Welcome

Vance T. Holliday, Executive Director
School of Anthropology and Department of Geosciences
University of Arizona
Tucson, AZ
email: vthollid@email.arizona.edu
phone: (520) 621-4734

The Argonaut Archaeological Research Fund (AARF), based in the School of Anthropology at the University of Arizona, is a privately endowed research program focused on understanding the earliest peopling of the Greater Southwest. This field-based endeavor deals primary with Paleoindian archaeology and geoarchaeology in New Mexico, Arizona, far western Texas, southern California, and in Mexico, northern Sonora and Chihuahua. AARF deals with all aspects of Paleoindian archaeology in the region, but is particularly focused on the earliest classical Paleoindian occupations (Clovis and Folsom) and evidence for any earlier human presence in the region.

AARF is one of six archaeological research funds in the United States focused on the peopling of the New World. All are tied to major research universities, are directed by established archaeologists or geoarchaeologists, and most have a specific geographic focus.

  • The Quest Archaeological Research Fund at Southern Methodist University (David Meltzer, Executive Director) is devoted to the Great Plains and western slope of the Southern Rocky Mountains
  • The Great Basin Paleoindian Research Unit (formerly the Sundance Archaeological Research Fund) at the University of Nevada - Reno (Goeffrey Smith, Executive Director) focuses on the Great Basin
  • The North Star Archaeological Research Fund at Texas A&M University (Michael Waters, Executive Director) looks to the southeast and eastern United States
  • The Odyssey Archaeological Research Fund at the Kansas Geological Survey and University of Kansas (Rolfe Mandel, Executive Director) deals with the midcontinental U.S.
  • Loren Davis at Oregon State University is Executive Director for the Keystone Archaeological Research Fund.
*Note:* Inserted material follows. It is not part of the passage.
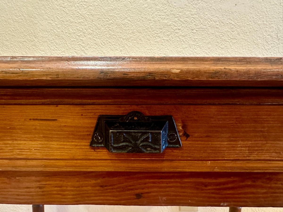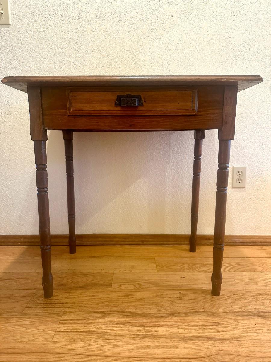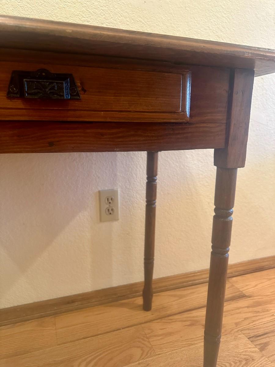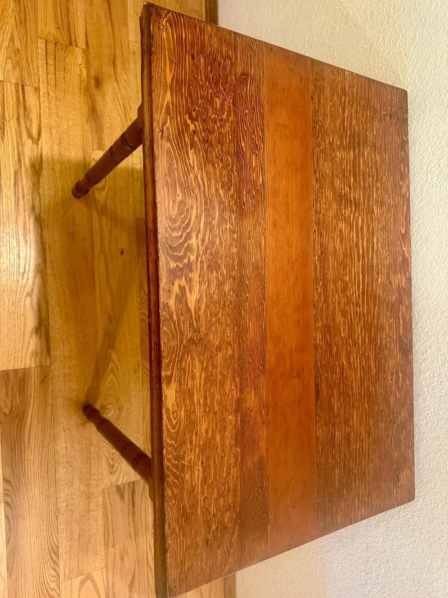 Early 20th Century pine desk with carved spindle legs and two toned top. Drawer has decorative metal handle. Legs are even and desk does not rock. Very good condition with some nicks as pictured.

KARF focuses primarily on the West Coast of North America, largely the Oregon Coast and interior and Baja California in Mexico.

These projects were established through the remarkable generosity of two people: the late Joe Cramer (1919-2013) and his wife Ruth Cramer of Denver, Colorado. Joe Cramer was a geologist, retired from many years in the oil patch. He had a long interest in archaeology, particularly the contentious issue of when people first arrived in the Americas. He decided to actively address this question beginning in the early 1990s and, as a result of his successes in petroleum exploration, provided funding for the five research endowments specifically focused on Paleoindian studies. The Cramer endowments are the only long-term research programs in the United States focused exclusively on Paleoindian archaeology and geoarchaeology. This is a remarkable legacy for the Cramers and for the study of the peopling of the New World.